A MILLION LIVELIHOODS


Lamb and Vorley warn consumers against feeling a false sense of environmental virtue if they avoid air-freighted products.


Cutting out products from sub-Saharan Africa would reduce Britain's overall contribution to global carbon dioxide emissions by just 0.1 percent, they say.


"And it's something like a million livelihoods that depend on us (in Britain) enjoying fresh fruit and vegetables from sub-Saharan Africa," says Lamb. "Let's make sure we're not making poor people in poor countries pay the price."


According to Stephen Mbugua, vice-chairman of the Fresh Produce Exporters Association of Kenya, that is not happening yet, but it is a great fear for the future.

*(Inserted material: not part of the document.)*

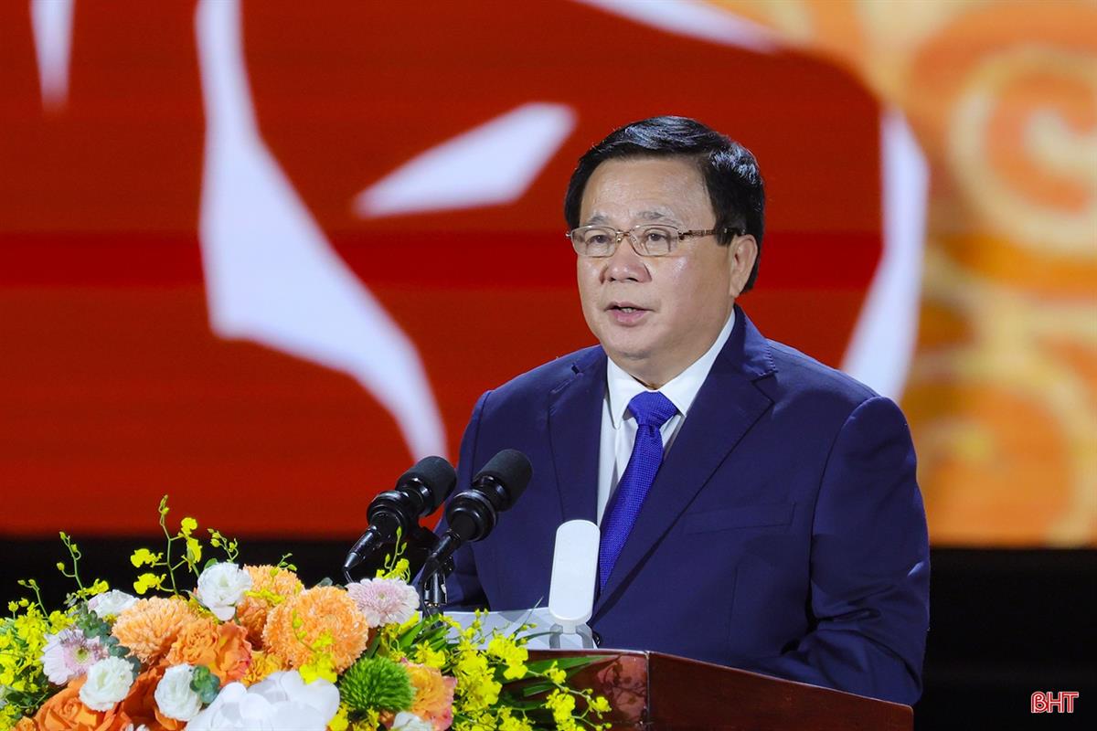 Đồngchí Bí thư Tỉnh ủy khẳng định, tiếp nối truyền thống vẻ vang của quê hương Đại thi hào Nguyễn Du cùng các bậc danh nhân văn hóa, lãnh tụ cách mạng, Đảng bộ và Nhân dân Hà Tĩnh luôn nêu cao tinh thần trách nhiệm, đoàn kết, nỗ lực, vượt qua khó khăn, đạt được kết quả toàn diện trên các lĩnh vực. Công tác xây dựng Đảng, hệ thống chính trị đạt nhiều dấu ấn quan trọng; kinh tế, xã hội chuyển biến rõ nét; an sinh xã hội được bảo đảm, đời sống của Nhân dân ngày càng được nâng cao. Quốc phòng - an ninh và đối ngoại được tăng cường.
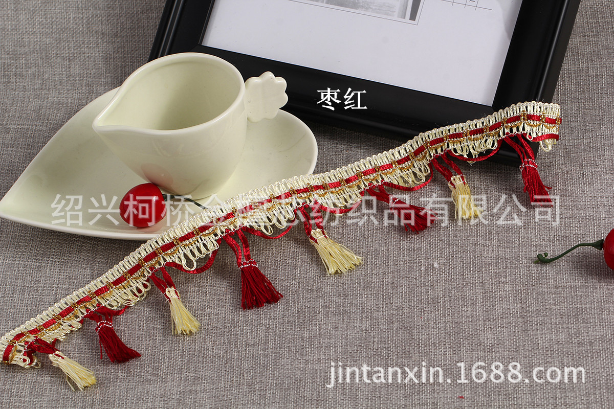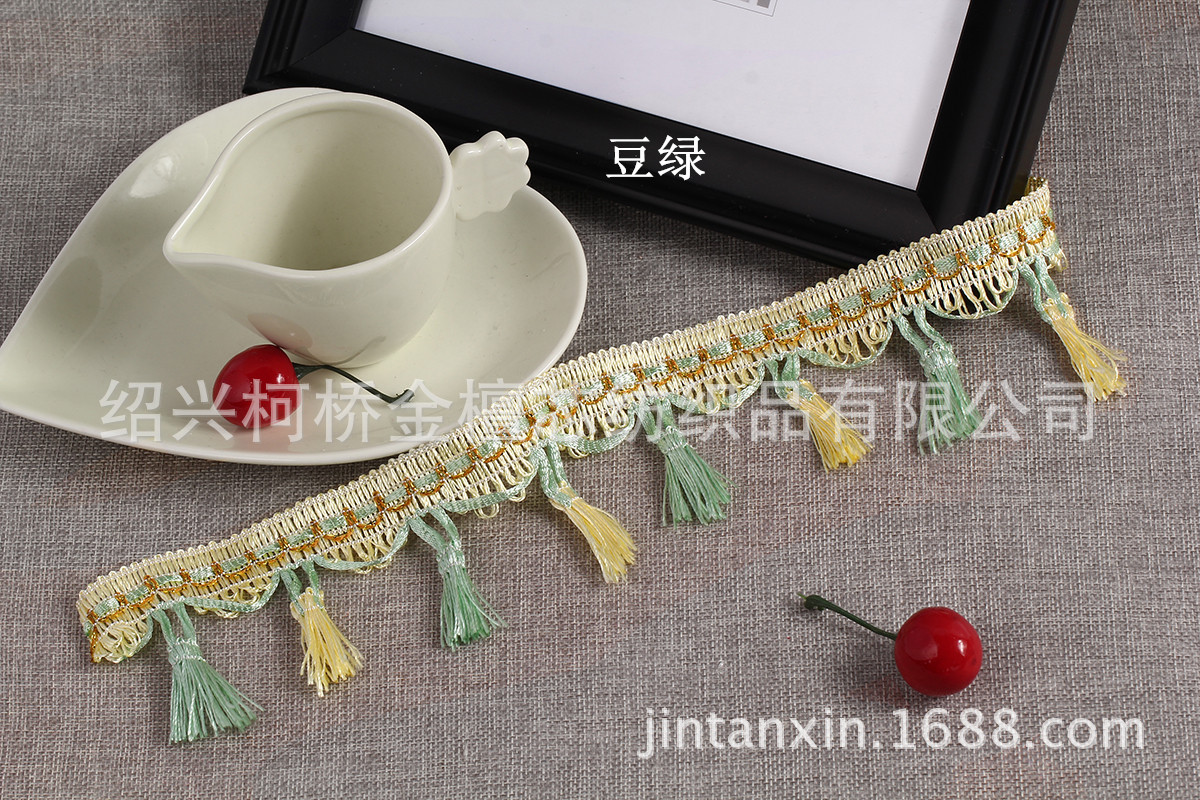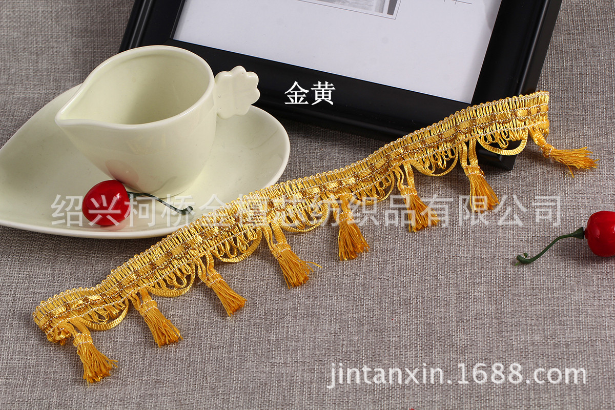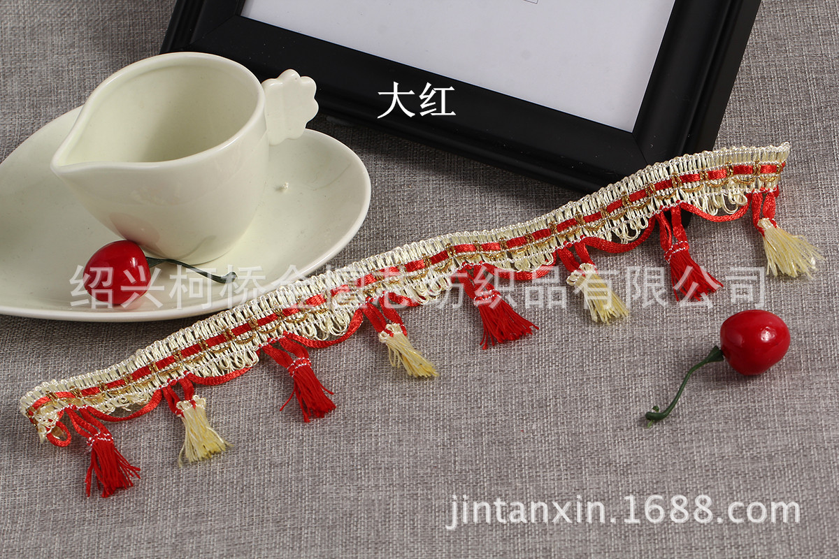 产品规格:一板14.5米左右,边宽2cm左右,总高度7cm左右,两个流苏间隔4.5cm左右,一米22个流苏。 产品特点:精致的做工,新颖的款式,丰富的色彩,用来装饰窗帘、靠垫、床垫等;令您的家居更添浪漫与温馨。

"So far so good, we've not had any serious impact from this, (but) if there was a serious campaign, it certainly would affect our sales," he told Reuters in Nairobi.


Lamb quotes John Kanjangaile, export manager of a group in Tanzania called the Kagera Cooperative Union (KCU), speaking at a public meeting in Britain where he was asked about the potential environmental damage caused by his export business.


His reply was unequivocal: "With the deepest respect, the farmers in the villages where I come from don't have televisions, they don't have refrigerators, they don't have even one car, let alone two, they don't have motorbikes, they've never even been to our country's capital let alone flown all over the world on holiday -- so don't ask those farmers to pick up the cost of environmental problems you in the industrialised West have caused."